▸ **Information supplied**:
-- Opening Marker --
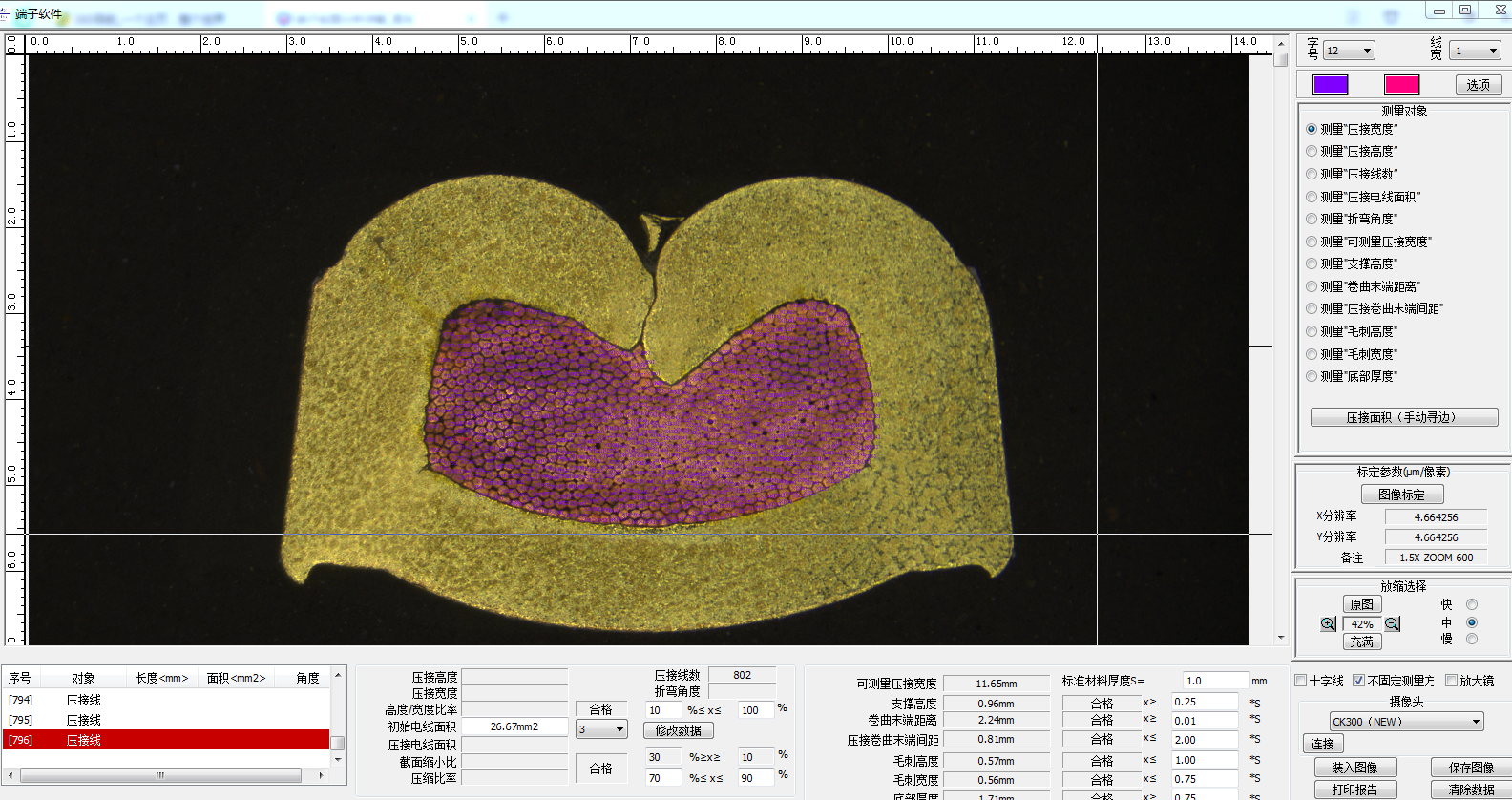 DZ-3000端子分析软件分析原理是:将制作好的压线端子截面分析样品放置于显微镜下,通过显微镜放大图像后在电脑实时显示出来,再由软件测出端子相关数据,最终由软件生成一份专业分析报告文档。
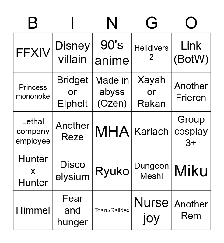 This bingo card has a free space and 24 words: Disco elysium, Fear and hunger, Made in abyss (Ozen), Himmel, Link (BotW), FFXIV, Princess mononoke, Disney villain, Karlach, Ryuko, Xayah or Rakan, Lethal company employee, Dungeon Meshi, Miku, Bridget or Elphelt, Nurse joy, Group cosplay 3+, 90's anime, Another Frieren, Another Reze, Another Rem, Hunter x Hunter, Helldivers 2 and Toaru/Raildex.
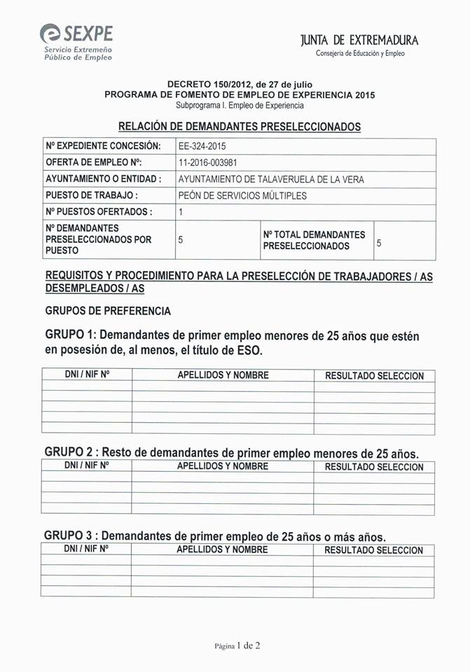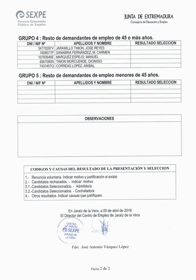 Peon de usos multiples 6 meses . A continuacion lista de personas candidatas. Se llamará para cubrir el puesto por el orden establecido en la lista.
-- Closing Marker --
▸ **Activity**: If pictures appear in the data, do not print them; repeat the rest exactly.

▸ **Answer area**:
 DZ-3000端子分析软件分析原理是:将制作好的压线端子截面分析样品放置于显微镜下,通过显微镜放大图像后在电脑实时显示出来,再由软件测出端子相关数据,最终由软件生成一份专业分析报告文档。
 This bingo card has a free space and 24 words: Disco elysium, Fear and hunger, Made in abyss (Ozen), Himmel, Link (BotW), FFXIV, Princess mononoke, Disney villain, Karlach, Ryuko, Xayah or Rakan, Lethal company employee, Dungeon Meshi, Miku, Bridget or Elphelt, Nurse joy, Group cosplay 3+, 90's anime, Another Frieren, Another Reze, Another Rem, Hunter x Hunter, Helldivers 2 and Toaru/Raildex.
 Peon de usos multiples 6 meses . A continuacion lista de personas candidatas. Se llamará para cubrir el puesto por el orden establecido en la lista.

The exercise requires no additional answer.